##### MATERIAL SUPPLIED #####

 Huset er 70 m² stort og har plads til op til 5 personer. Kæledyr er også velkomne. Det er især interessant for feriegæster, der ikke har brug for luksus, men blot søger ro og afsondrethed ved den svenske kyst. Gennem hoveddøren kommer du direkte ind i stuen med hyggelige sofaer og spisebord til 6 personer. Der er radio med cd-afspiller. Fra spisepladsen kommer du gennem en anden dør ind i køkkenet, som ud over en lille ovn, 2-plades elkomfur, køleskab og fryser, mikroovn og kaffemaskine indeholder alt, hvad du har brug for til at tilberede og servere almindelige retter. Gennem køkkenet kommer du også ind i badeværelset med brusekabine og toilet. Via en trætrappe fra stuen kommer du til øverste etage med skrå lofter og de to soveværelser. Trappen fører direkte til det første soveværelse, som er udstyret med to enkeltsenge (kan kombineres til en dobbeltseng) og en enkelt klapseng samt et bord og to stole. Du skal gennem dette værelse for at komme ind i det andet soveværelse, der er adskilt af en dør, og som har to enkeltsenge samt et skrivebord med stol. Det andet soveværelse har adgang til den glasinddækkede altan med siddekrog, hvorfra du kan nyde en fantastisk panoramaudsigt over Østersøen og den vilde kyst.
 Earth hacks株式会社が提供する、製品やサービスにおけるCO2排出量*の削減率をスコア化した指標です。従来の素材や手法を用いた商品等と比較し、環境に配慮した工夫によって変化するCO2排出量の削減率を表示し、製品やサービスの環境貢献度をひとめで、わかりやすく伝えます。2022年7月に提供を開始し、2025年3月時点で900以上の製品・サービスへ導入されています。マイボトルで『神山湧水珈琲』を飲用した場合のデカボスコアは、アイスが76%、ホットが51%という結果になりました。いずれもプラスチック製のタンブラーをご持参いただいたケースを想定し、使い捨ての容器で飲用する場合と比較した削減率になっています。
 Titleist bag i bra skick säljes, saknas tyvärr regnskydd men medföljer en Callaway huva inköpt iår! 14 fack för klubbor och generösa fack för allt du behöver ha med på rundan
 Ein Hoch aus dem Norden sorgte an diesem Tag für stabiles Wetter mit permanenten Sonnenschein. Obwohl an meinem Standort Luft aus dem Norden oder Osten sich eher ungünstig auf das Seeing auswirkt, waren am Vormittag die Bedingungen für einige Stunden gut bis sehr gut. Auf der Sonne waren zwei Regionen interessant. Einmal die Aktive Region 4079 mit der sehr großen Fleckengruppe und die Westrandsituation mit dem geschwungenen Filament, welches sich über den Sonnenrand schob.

#####
##### MATERIAL SUPPLIED #####

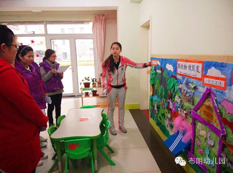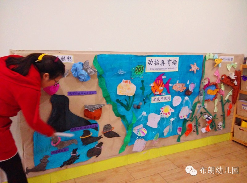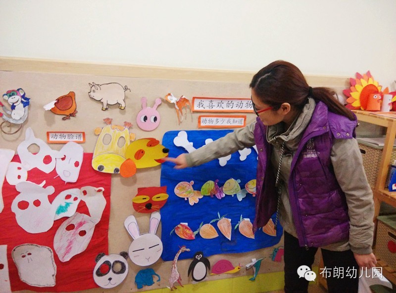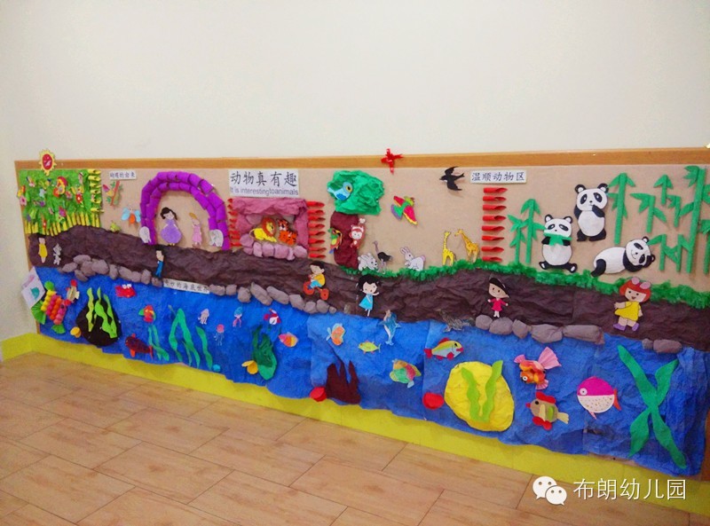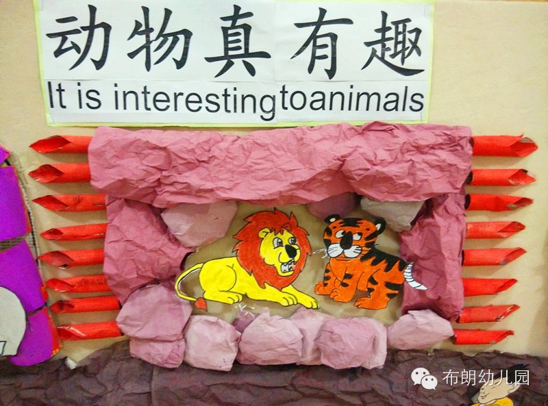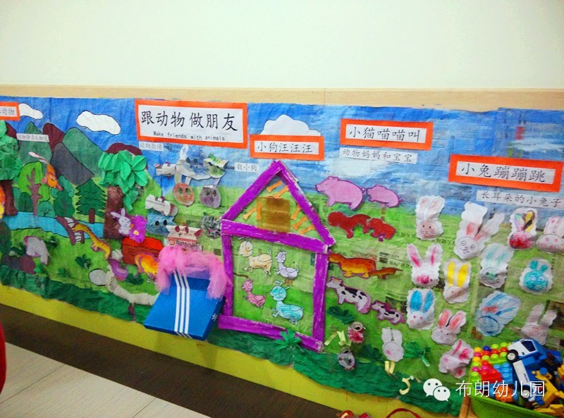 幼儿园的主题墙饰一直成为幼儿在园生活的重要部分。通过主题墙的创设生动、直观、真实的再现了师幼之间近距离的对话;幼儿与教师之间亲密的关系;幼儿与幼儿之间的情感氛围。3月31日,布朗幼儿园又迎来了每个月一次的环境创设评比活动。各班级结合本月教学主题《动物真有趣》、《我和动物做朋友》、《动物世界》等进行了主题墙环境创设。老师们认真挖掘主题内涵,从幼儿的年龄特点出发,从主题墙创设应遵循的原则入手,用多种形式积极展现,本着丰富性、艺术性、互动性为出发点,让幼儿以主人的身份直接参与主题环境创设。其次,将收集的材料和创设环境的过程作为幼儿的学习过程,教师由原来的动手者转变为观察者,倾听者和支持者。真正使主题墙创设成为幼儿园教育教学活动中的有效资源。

#####

▸ WORK REQUIRED
Out of the listing above, reproduce exactly the lines from the one with "Titleist bag i" up to and including the one with "Ein Hoch aus".

▸ ANSWER TO THE EXERCISE
 Titleist bag i bra skick säljes, saknas tyvärr regnskydd men medföljer en Callaway huva inköpt iår! 14 fack för klubbor och generösa fack för allt du behöver ha med på rundan
 Ein Hoch aus dem Norden sorgte an diesem Tag für stabiles Wetter mit permanenten Sonnenschein. Obwohl an meinem Standort Luft aus dem Norden oder Osten sich eher ungünstig auf das Seeing auswirkt, waren am Vormittag die Bedingungen für einige Stunden gut bis sehr gut. Auf der Sonne waren zwei Regionen interessant. Einmal die Aktive Region 4079 mit der sehr großen Fleckengruppe und die Westrandsituation mit dem geschwungenen Filament, welches sich über den Sonnenrand schob.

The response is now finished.